Inrange Technologies rose $5.13, or 35 percent, to $19.75. The networking and switching-equipment maker said it expects fourth-quarter revenue to exceed analysts' expectations. The company gave no specific guidance, but Wall Street expects Inrange to earn 7 cents a share, the consensus estimate of three analysts surveyed by First Call.

Motorola also posted respectable earnings, matching lowered expectations.

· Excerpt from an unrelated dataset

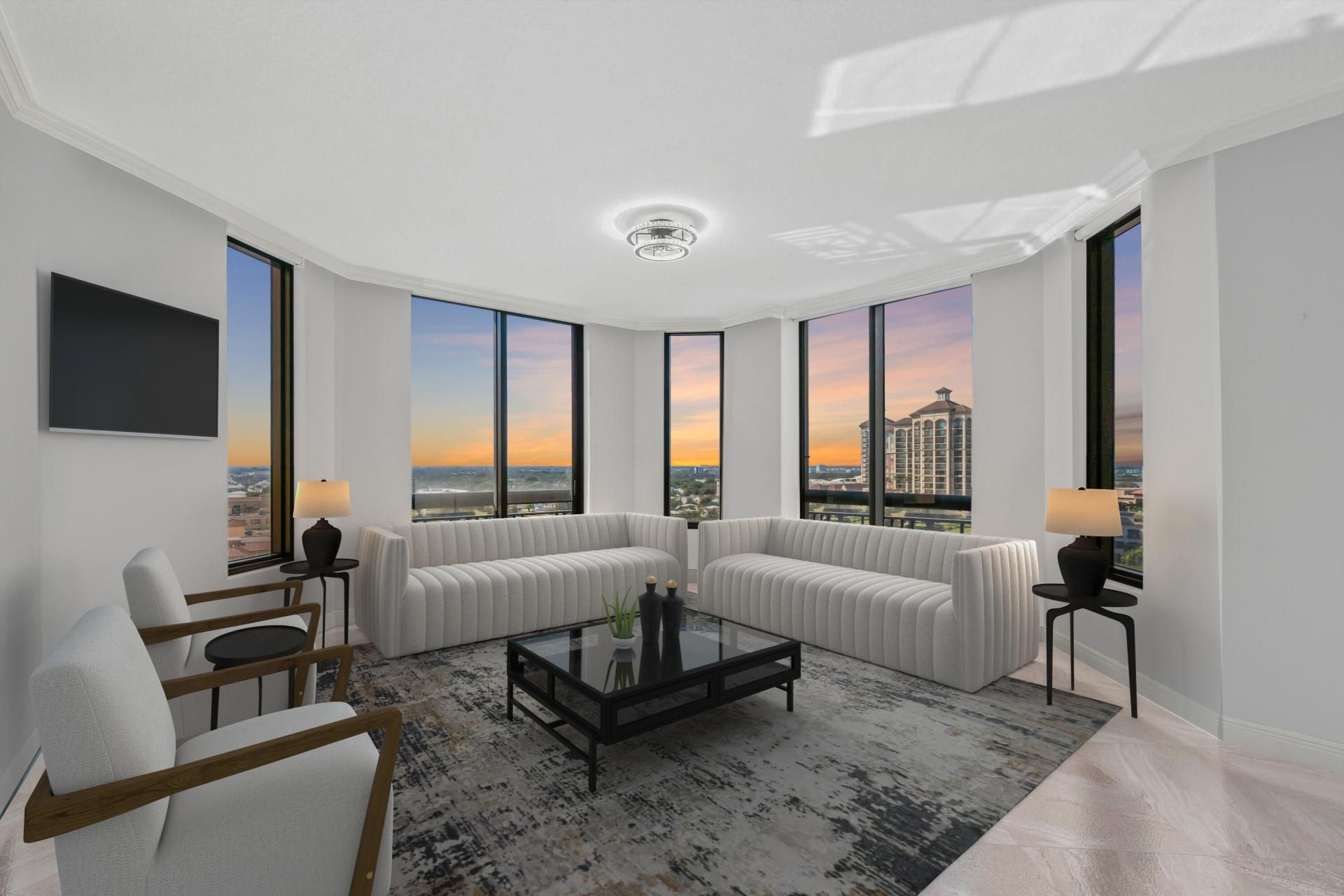 Edit mortgage details for a more accurate paymentMust-See Luxury Corner Residence in Two City Plaza with Breathtaking Views! This stunning 2-bedroom, 2-bathroom corner condo offers panoramic skyline and sunset views over Clear Lake through dramatic floor-to-ceiling windows. Spanning 1,664 sqft, this spacious residence features high ceilings, a dedicated foyer, all marble living area flooring, and an oversized kitchen with an eat-in nook. Recent upgrades include new wood flooring, fresh paint throughout, upgraded lighting, and premium kitchen cabinetry with stone countertops. The primary suite boasts new wood flooring, custom-fitted walk-in closet, and a frameless glass shower. Additional conveniences include a larger laundry room, premium parking on P5, and extra storage. Amenities in this full-service building are endless; 24-hour... security, concierge, roof top pool with towel service coming soon, hot tub, sauna, steam room, fully renovated state of the art fitness center /gym, outdoor kitchen w/ BBQ area and all new Restoration Hardware furniture, outdoor & indoor movie theaters, club room, table tennis, lanai courtyard w/ water feature, renovated roof top dog park area, complimentary valet parking & exceptional staff. Centrally located in the heart of Downtown West Palm Beach, across from One Flagler offices, 7 minutes to PBIA airport, award winning restaurants, shopping, Worth Ave, and Palm Beaches.
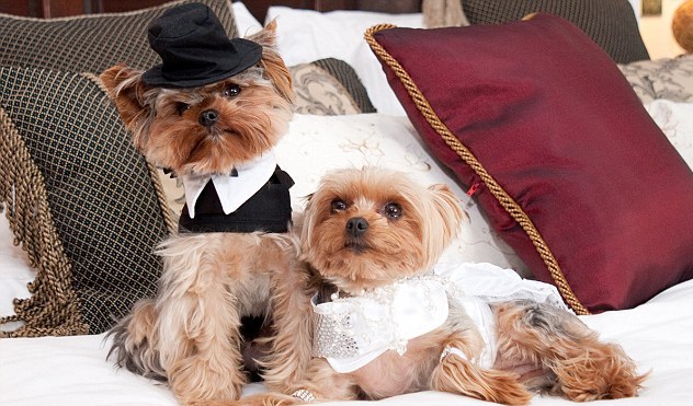 Η νύφη φορούσε ένα λευκό νυφικό με 1.800 κρύσταλλα Swarovski και ένα κολιέ από μαργαριτάρια. Ο γαμπρός ήταν κομψός φορώντας ένα σμόκιν. Ποιο ήταν το περίεργο του γάμου αυτού; Ότι παντρεύονταν σκυλιά! Η Louise Harris από το Essex έδωσε 20 χιλιάδες δολάρια(!), ώστε να ενώσει με τα δεσμά του γάμου τη σκυλίτσα της με ένα άλλο σκύλο.

Excluding charges, the maker of chips and mobile phones reported earnings of $335 million, or 15 cents a share, for the fourth quarter. In the same period last year, Motorola earned $564 million, or 25 cents a share. Fourth-quarter sales increased 11 percent to $10.1 billion for the quarter, compared with $9.1 billion last year.

Shares of Motorola rose 94 cents, or 4 percent, to $22.13.

The positive Motorola news rubbed off on the chip sector. The Philadelphia semiconductor index surged 37.97, or almost 6 percent, to 688.85, led by chipmaker Altera, which rose $2.94, or 9 percent, to $34.31.

E*Trade said Thursday it will buy LoansDirect, a closely held online mortgage company, which will help diversify its business amid a trading slowdown. E*Trade expects the acquisition to immediately lift the company's earnings and revenue. Shares of E*Trade rose $2.09, or 21 percent, to $12.06.

Shares of optical network equipment maker Nortel Networks climbed $2.13, or about 7 percent, to $34.06. The company announced plans to adjust its work force by eliminating jobs in the slow-growth segments of its business.